Cratylus
Cratylus

Reputation: 54074

Java confusion on fundamentals on double and integer and conversions

I am practicing in an automatic judge for algorithm in one of the carreer sites and I have the following question.
In one of the puzzles the question is to find the median of 2 sorted arrays and the signature of the method to implement is:

public double findMedianSortedArrays(int A[], int B[])  

I written the code and some of the tests failed.
Looking at the results though the failures reported are as follows:

Input       Output  Expected    
[], [1]      1.0    1    
[2], []      2.0    2  

It seems I am rusty on the fundamentals.

My question: How can it expect an 1 or 2 and reject 1.0 if the method returns a double?
My snippet of code on the calculation of merge is:

 if(array.length %2 == 0){

     return (array[middle] + array[middle - 1])/(double)2;    
 }
 else{
      return (double)array[middle];

  }

enter image description here

Upvotes: 1

Views: 134

Answers (1)

The Nail
The Nail

Reputation: 8490

It's an error in the judge.

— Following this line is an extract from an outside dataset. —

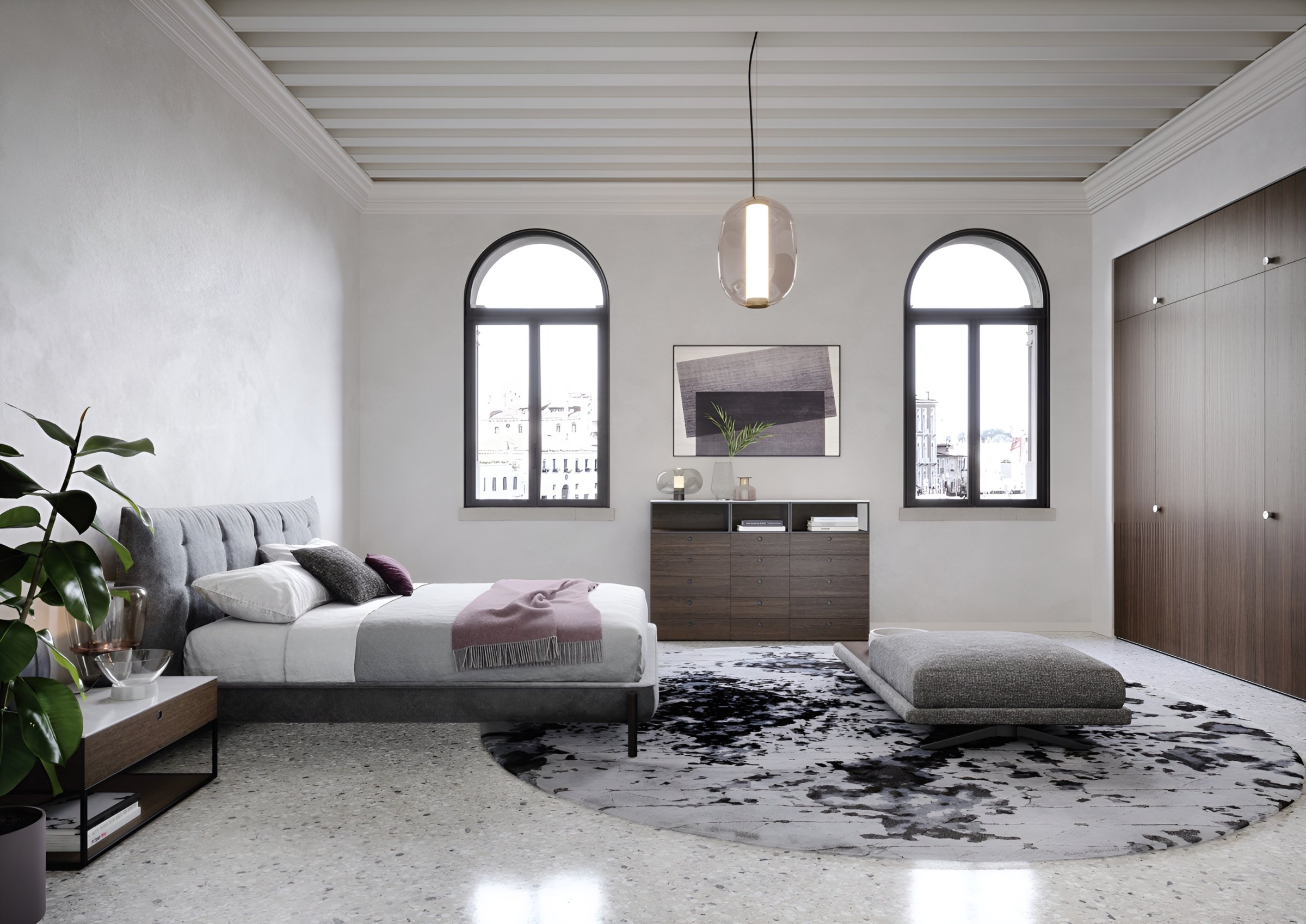 На кровати Tufté, спроектированной Сильвией Преведелло, мягкое изголовье с горизонтальной прострочкой становится ещё мягче, создавая характерный вид «пушистости». Минималистичная, функциональная кровать стоит на деревянных ножках, создавая впечатление, что она парит в комнате.

If I go to the site, select 'Java' and fill in the following Java implementation (just filling in one line, the return 0;:

public class Solution {
    public double findMedianSortedArrays(int A[], int B[]) {
        // Start typing your Java solution below
        // DO NOT write main() function
        return 0;
    }
}

the report states output: 0.0 for all cases.

The C++ equivalent does not seem to suffer from the same problem. If I fill in this:

class Solution {
public:
    double findMedianSortedArrays(int A[], int m, int B[], int n) {
        // Start typing your C/C++ solution below
        // DO NOT write int main() function
        return 0;
    }
};

then the report states output: 0 for all cases.